Urn extraction with replacement and order of the extraction

Question

Suppose we have an urn with 5 balls: 3 green and 2 red. What is the probability of extracting green-red-green (in this order, putting back each ball after the extraction)? Is it different or the same as the probability of extracting 2 green and 1 red (again, putting the ball back in after each extraction)?

I would compute one of these two probabilities as just $3/5\times 3/5 \times 2/5$, but I'm not sure which.

Answer 1

It seems you may not understand the combinatorial approaches.

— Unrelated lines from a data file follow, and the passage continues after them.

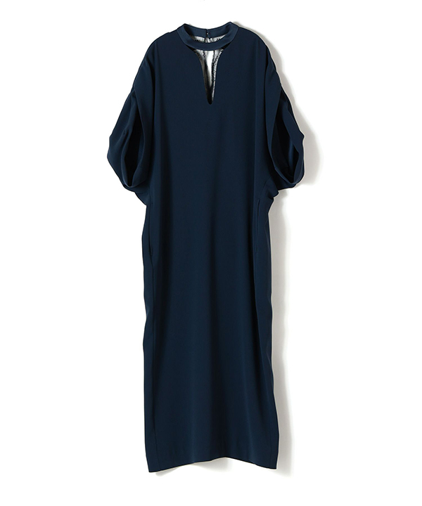 Mame Kurogouchi(マメ クロゴウチ)のワンピース。胸元のスリットがセンシュアルなアクセントをプラスするIラインドレスです。 襟のカットラインや二の腕をカバーする袖のディテールが愛らしく美しいスタイルを作り出します。大胆に透けるバックスタイルは壺型に繊細なレースを配することで、エレガントなニュアンスをプラスする1着に仕上げられました。
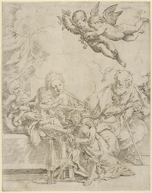 The Holy Family with young John the Baptist and Saint Elizabeth, two angels above
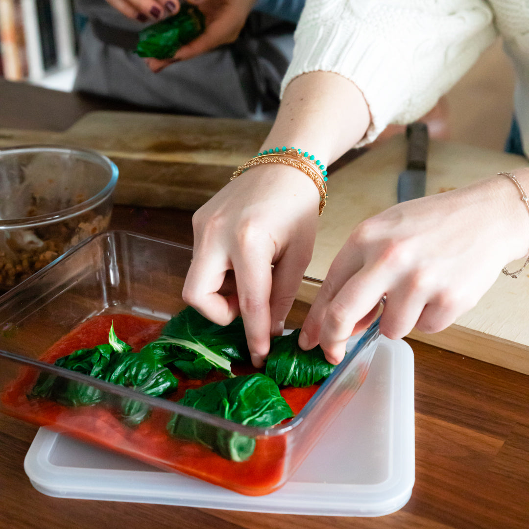 Put a ball of stuffing in the center of the chard leaf. Close it and brush it with oil.
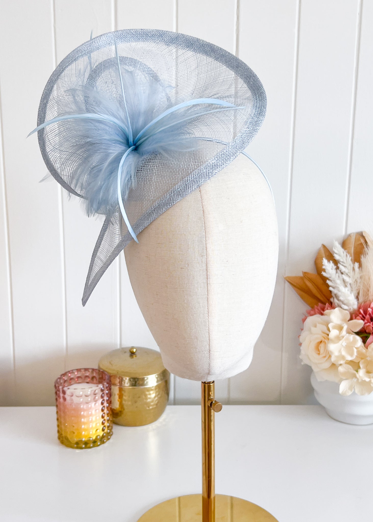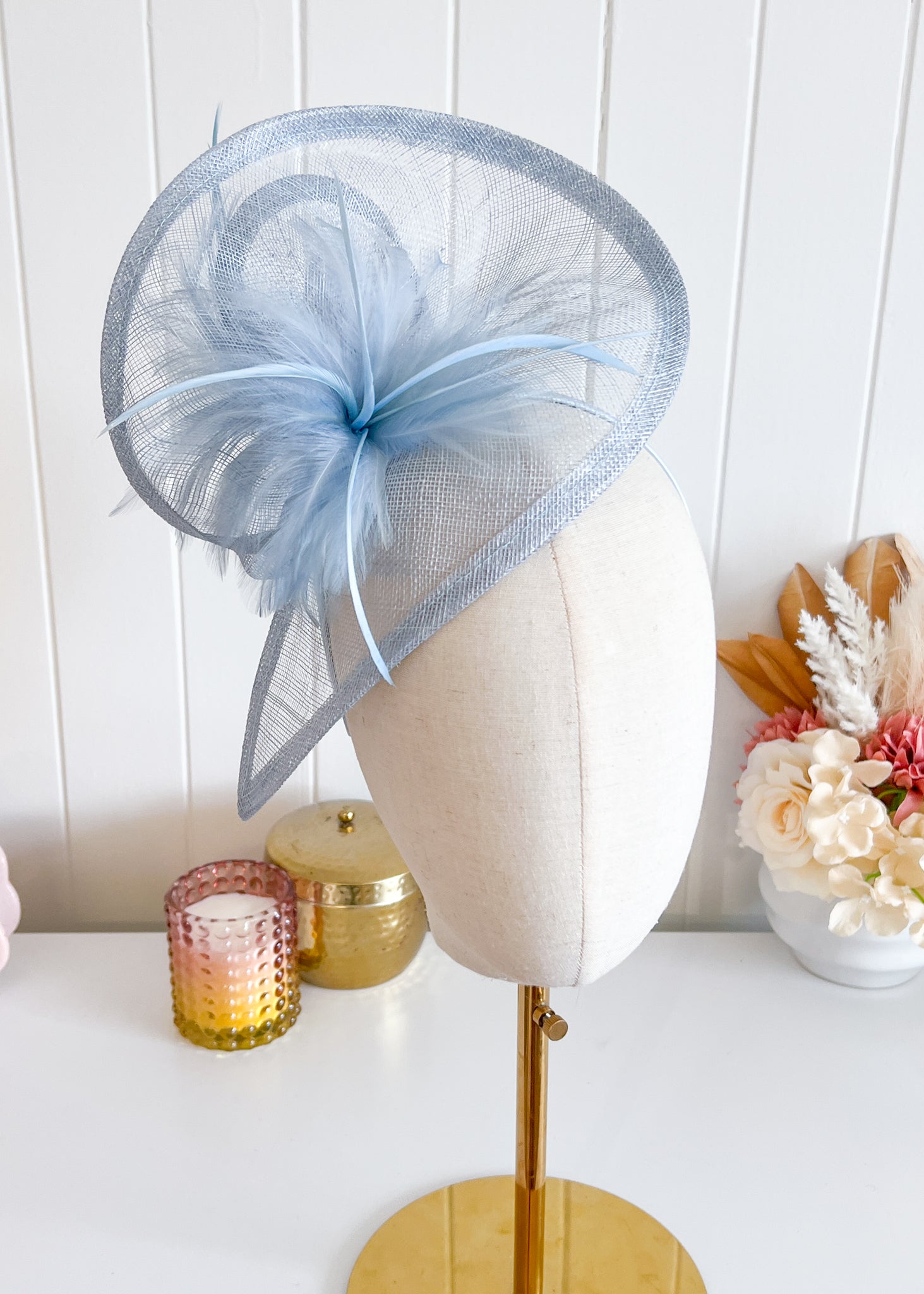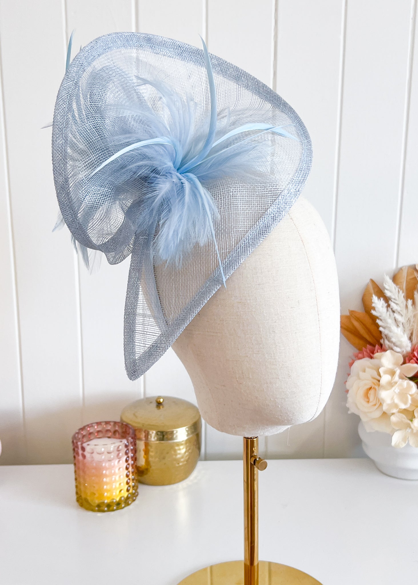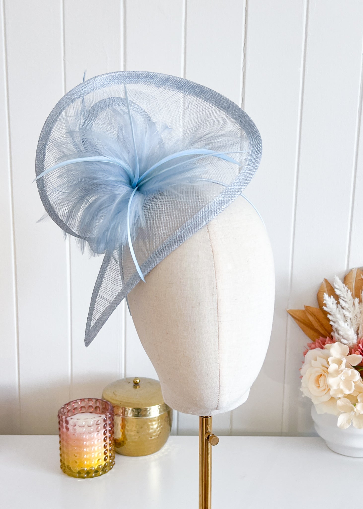 This elegant design features a twisted sinamay base which sits attractively over right side of the head. Soft feathers at the front and back add texture.
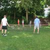 Auf dem Rasen vor dem Mannschaftsgebäude der ehemaligen Kaserne wurden die heranwachsenden Tennisstars von morgen beim Kleinfeldtennis angeleitet. Vorwiegend Jungs konnten ihre Schussstärke an einer Geschwindigkeits-Messanlage ermittelt. Auch die im Gebäude wohnenden Flüchtlinge hatten sich etwas einfallen lassen, so schoss eine Mohrenkopf-Schleuder die Belohnung fast in die Münder der Spielteilnehmer, sofern eine Zielscheibe mit einem Ball korrekt getroffen wurde.
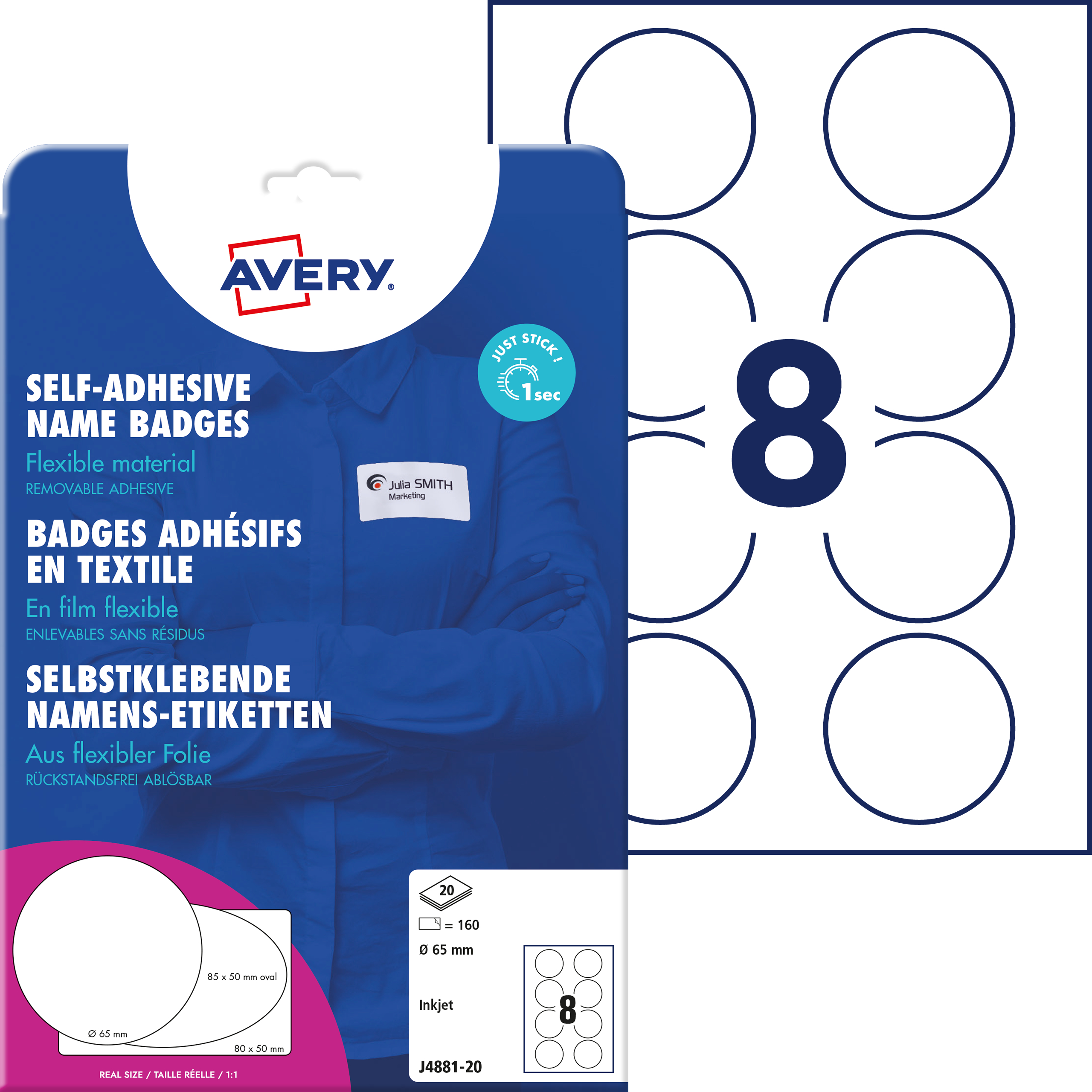 Qualität vom Etiketten-Experten: die selbstklebenden, ablösbaren Namens-Etiketten J4881-20 für Inkjet-Drucker von Avery Zweckform im runden Format Ø 65 mm erleichtern Ihnen die Organisation von Veranstaltungen, Seminaren und Konferenzen. 160 weisse, bedruckbare Namens-Etiketten auf 20 Bogen. Die runden Namensschilder aus flexiblem Folien-Material haften zuverlässig auf Kleidung und Textilien und lassen sich rückstandsfrei wieder ablösen. Die Rückseiten-Stanzung des Namensschilds erlaubt das Heraustrennen des Namens-Etiketts samt Trägerfolie für eine spätere Verwendung. Die Textil-Etiketten sind nicht geeignet für Leder, Seide, Samt und andere empfindliche Textilien. Die Namens-Etiketten bieten einen garantiert staufreien Druckerdurchlauf auf allen gängigen Inkjet-Druckern. So arbeiten Sie effizient wie stressfrei und schaffen sich wertvolle Zeit für die wirklich wichtigen Dinge. Ideen drucken - einfach & professionell: mit Etiketten von Avery Zweckform können Sie den kostenlosen Online Etiketten-Designer unter www.avery.eu/print nutzen. Gestalten Sie Ihr Etikett mit der Software komplett selbst, verwenden Sie eine der Design-Vorlagen zu zahlreichen Themen, die Sie individuell anpassen können oder laden Sie Ihr fertiges Design hoch und drucken anschliessend standgenau aus. So schnell und einfach sorgen Sie für einen professionellen Auftritt. Think & Care - Avery Zweckform ist seit 2020 klimaneutral: die Treibhausgasemissionen des Standortes werden durch zertifizierte Klimaschutzprojekte ausgeglichen. Schon seit 2014 wird ausschliesslich Ökostrom/-gas verwendet. Forschung, Entwicklung, Produktion, Logistik und Verwaltung am Firmenstandort in Oberlaindern/Bayern garantieren höchste Qualitäts- und Umweltstandards sowie kurze Lieferwege. Die Namens-Etiketten aus PVC-freier Folie werden klimaneutral hergestellt, die Emissionen des Materials werden kompensiert.
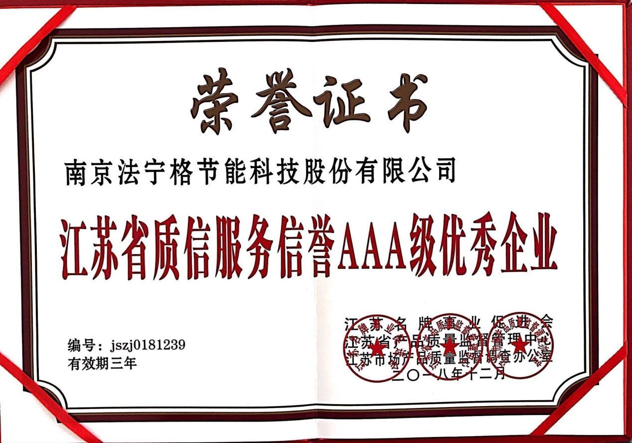 近日,江苏名牌事业促进会、江苏省产品质量监督管理中心和江苏市场产品质量监督调查办公室联合授予南京法宁格节能科技股份有限公司“江苏省质信服务信誉AAA级优秀企业”荣誉称号!
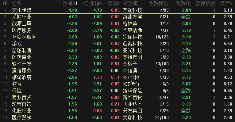 今日板块跌幅靠前的是文化传媒、采掘行业、能源金属、医疗服务、互联网服务、游戏、船舶制造、医药商业、软件开发和通讯服务等,商业航天开始调整之后、短期热点板块文化传媒和游戏等都开始出现调整,近期连板的个股数量越来越少,主要针对的就是短线游资疯狂炒作的品种,这一批个股依然要回避,前一段时间喜欢追高不少投资者都能吃一口肉、抓个涨停板,但是近期要转变思路了、调整自己的操作策略。
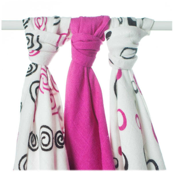 Kikko Bambusz pelenkák Spirals&Bubbles 70x70 (3 db) - magenta, magenta
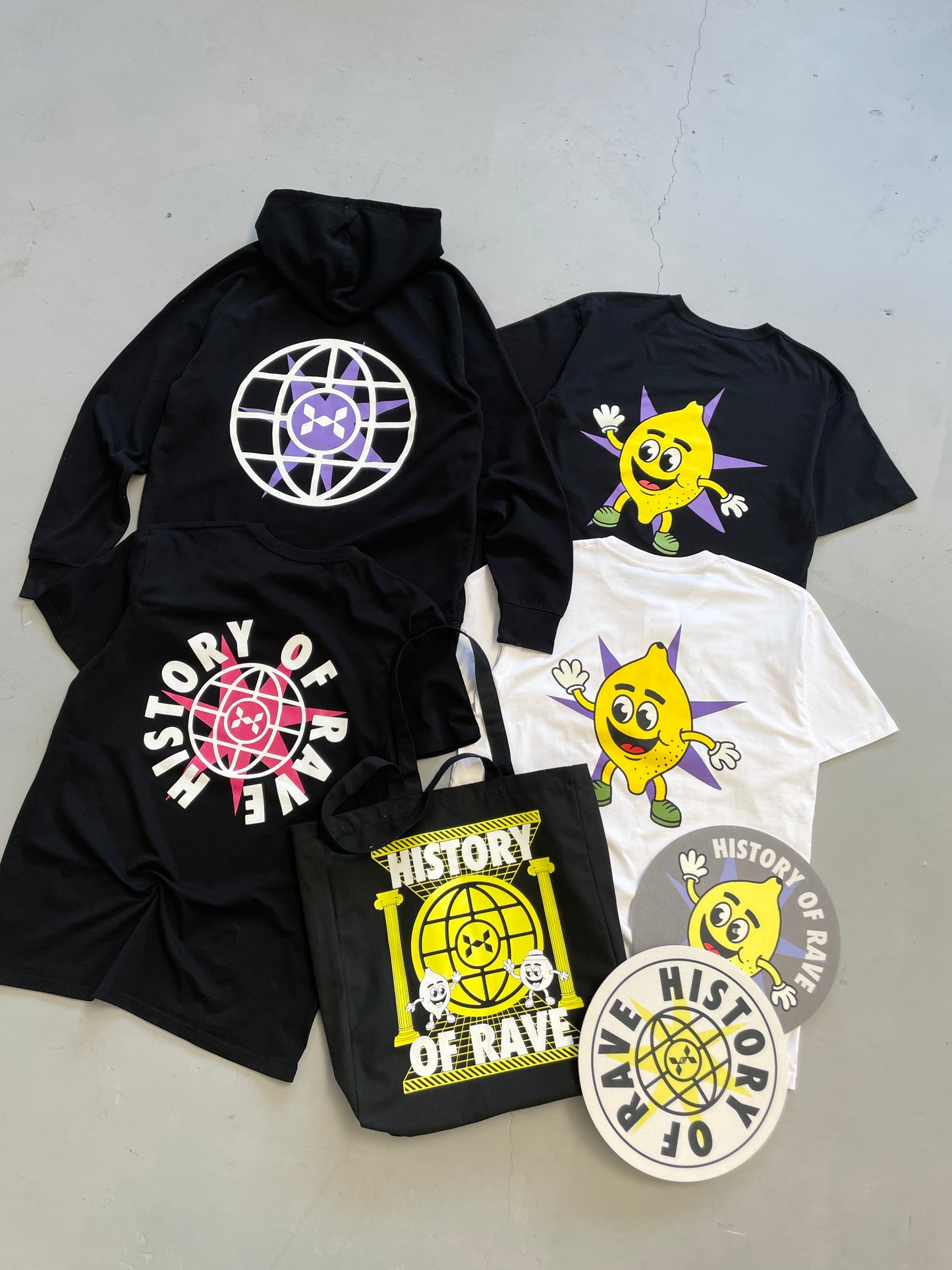 Our latest collaboration to the store with our musical endeavours and roots through independent culture. We've known DJ Eats Everything a number of years and are extremely happy to bring you History Of Rave, his new party & brand. With Glastonbury takeovers, we've worked with him to make the ultimate rave pieces!
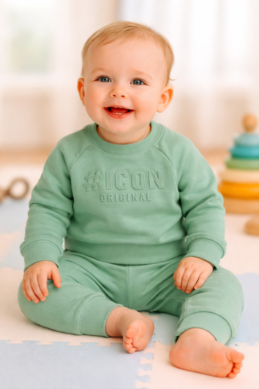 OverzichtStijlvolle baby set met subtiele 3D “#ICON ORIGINAL” print, gemaakt van zachte comfortabele stof voor een moderne en luxe uitstraling.
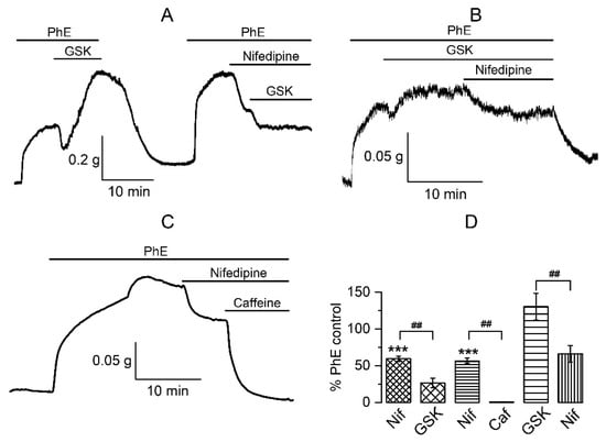 The contraction phase of the biphasic response is sensitive to the calcium channels’ blocker and may involve the RyRs-dependent signalling pathways. (A) The selective blocker of CaL, nifedipine (10 μM), prevents the development of contraction phase in response to GSK1016790A (0.3 μM) while accentuating the relaxation phase. (B) The contraction phase induced by GSK1016790A is inhibited by nifedipine. (C) Caffeine (10 mM) acts the same way as GSK1016790A in PA pretreated with PhE and nifedipine. (D) Comparative analysis of GSK1016790A (n = 6, N = 3) and caffeine (n = 4, N = 2) action on intact PA SM pretreated with PhE and nifedipine, as well as nifedipine effect on intact PA SM pretreated with PhE and GSK1016790A (n = 5, N = 4). Data are presented as percentage of the PhE-induced response (mean ± SEM). *** p < 0.0001 compared to 100% by 1 sample t-test; ## p < 0.001 by ANOVA with Tukey’s post hoc test. In all these experiments, pulmonary artery rings with intact endothelium were used.
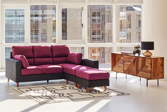 パープルとブラックの配色がモダンなカウチソファーと、扉のデザインとアイアンレッグが印象的なサイドボードがミッドセンチュリーの雰囲気を感じさせます。“モダン”の中にも“北欧風”が感じられるのは、ソファーのファブリック生地と木製の脚が効いているからでしょう。
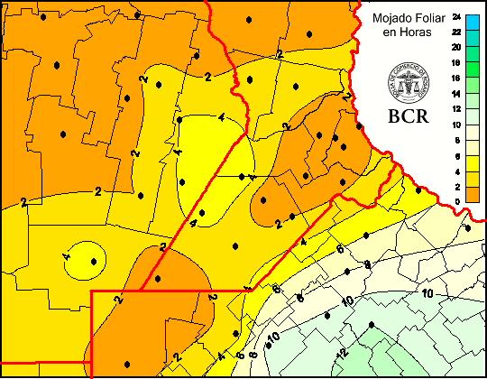 Mapa de cantidad de horas de mojado foliar en las últimas 24 horas.
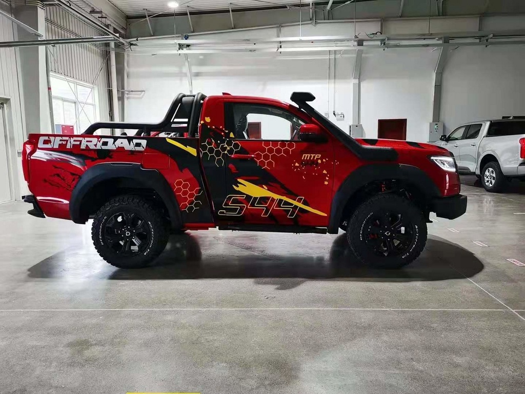 从曝光的照片来看,长城炮单排版车型以长城炮越野皮卡为设计基础,以红色为主色调,辅以大量熏黑部件,独具狂野气质。并且从外观来看,绞盘、涉水喉、铁质竞技杠、全地形轮胎、运动化龙门架都没有缺席。
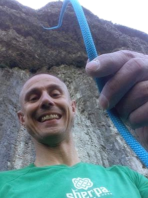 Neil Gresham looking justifiably chuffed apres redpoint with his latest new route Premonition. Photo Neil Gresham/FB Page
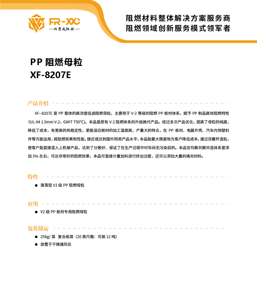 XF--8207E是PP载体的高浓度低卤阻燃母粒,主要用于V-2等级的阻燃PP板材体系,赋予PP制品高效阻燃特性(UL-94 1.5mm V-2,GWIT 750C)。本品是原有V-2阻燃体系的升级换代产品。经过多次产品优化,提高了母粒的纯度, 降低了成本,有更高的热稳定性,更能适应板材的加工温度高,产量大的特点,在PP 板材、电器外壳、汽车内饰塑料 件等方面运用,其阻燃效果和性能,接近或达到国外同类产品水平,本品能最大限度地为客户降低成本,通过双螺杆造粒, 使客户能直接混入上机做产品,达到了分散好、保证了在生产过程中对车间无污染目的。本品在均聚共聚共混体系里添加5%左右,可达非常好的阻燃效果,本品可直接计量加料进行挤出注塑,还可以添加大量的填充材料。
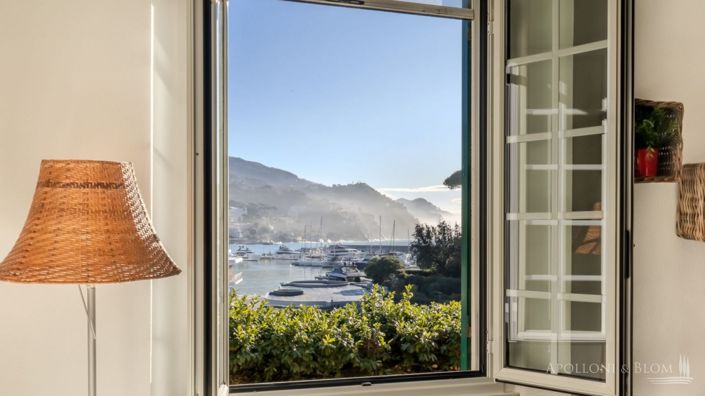 On the second floor of a classic Riviera villa surrounded by a green park, sea front location, for sale facing the Port of Rapallo. Overlooking the harbour of Rapallo, this elegant sea-front apartment enjoys a privileged position directly facing the port and the open Ligurian horizon. Set within an exclusive residential enclave composed of refined Riviera villas surrounded by a mature private park, the property offers tranquillity, security and immediate proximity to the waterfront and town centre. Accessed through an electric gate and nestled within a well-maintained condominium garden with caretaker’s lodge, the residence forms part of the first villa within the compound. The apartment is located on the second floor, reached via broad and comfortable stairs, and extends to approximately 115 sq m (1,237 sq ft). Its elevated position allows natural light to flood the interiors while framing uninterrupted views across the marina and the sea beyond. The entrance opens onto a bright living room distinguished by two generous windows and a balcony facing the port, creating a natural panorama of the harbour and coastline. A discreetly integrated kitchenette is carefully arranged off the living room. The master bedroom is spacious and luminous, featuring an en-suite bathroom and access to a second balcony overlooking the greenery of the park. Adjacent are two further bedrooms: a well-proportioned double bedroom and a third room suitable as a single bedroom, study or home office. A second bathroom completes the internal layout. Despite its central location just steps from the port, shops and waterfront promenade, the apartment remains immersed in the calm atmosphere of the private park that surrounds the villas. The landscaped grounds provide a natural extension of the home, offering residents shaded areas beneath mature trees where one may relax, read or simply enjoy the quiet greenery. The property is completed by a spacious cellar at ground level and a reserved outdoor parking space within the compound, a valuable feature in the port district of Rapallo. Positioned between the sea and the gardens, the apartment offers a refined Riviera residence where maritime views, privacy and everyday convenience come together in a setting of understated elegance. PROPERTY Ref: RAP3586Location: Rapallo, Province: Genova, Region: Liguria Type: 115 sq m/1237 sq ft sea-front 3-bedroom apartment on the second floor of a Riviera villa within a luxury residential compound with condo park, private parking and basement cellarConditions: excellentTerrace/Balcony: 2 balconiesParking: outdoor parking facility with 1 reserved car-seatLayout: Second Floor: living room with balcony, kitchenette, 1 double bedroom with en-suite bathroom and a balcony, 2 bedrooms, 1 bathroomDistance from services: on footDistance from main airports: Genoa 40kmUtilities: Fixed telephone network: available; Internet: available; Heating: methane; Water: mains city supply; Electricity: available; Water waste: mains city connectionEnergy Efficiency Rating: GApolloni & Blom RE conducts technical due diligence with the owner's technician to have a full report on each property's urban and cadastral state of the art. The due diligence may be requested by clients showing a strong interest in the property

Maybe a simulation (in R) will help:

Let Green=1 and Red = 2. Let urn=c(1,1,1,2,2). Use the sample procedure in R to sample three balls from the urn with replacement, and note whether the sequence was exactly 121

samp = sample(urn,3,rep=T); samp
[1] 1 2 1
samp==c(1,2,1)
[1] TRUE TRUE TRUE
sum(samp==c(1,2,1)) == 3
[1] TRUE   # YES, we got '121'

samp = sample(urn,3,rep=T); samp
[1] 2 1 2
samp==c(1,2,1)
[1] FALSE FALSE FALSE
sum(samp==c(1,2,1)) == 3
[1] FALSE # NO, not `121`

Iterate a million times. The fraction of TRUEs is almost exactly $18/125,$ as in the first formula.

set.seed(2022)
# Denote G = 1; R = 2
urn = c(1,1,1,2,2)
grg = replicate(10^6, 
       sum(sample(urn,3,rep=T)==c(1,2,1))==3)
mean(grg)
[1] 0.14406
18/125
[1] 0.144

If we iterate again, noting just whether we got two green balls (regardless of order), we get almost exactly $18/125$ as in the the second formula.

two.g = replicate(10^6, 
        sum(sample(urn,3,rep=T)==1))
mean(two.g==2)
[1] 0.432297
54/125
[1] 0.432

Alternatively, if you know about binomial distributions, the second formula gives a binomial probability.

Dpecifically, if $G$ is the number of green balls in $n=3$ draws with replacement from an urn with $p = 3/5$ green balls, then $G \sim \mathsf{Binom}(n,p).$ And by the binomial PDF the answer is the same.

dbinom(2, 3, 3/5)
[1] 0.432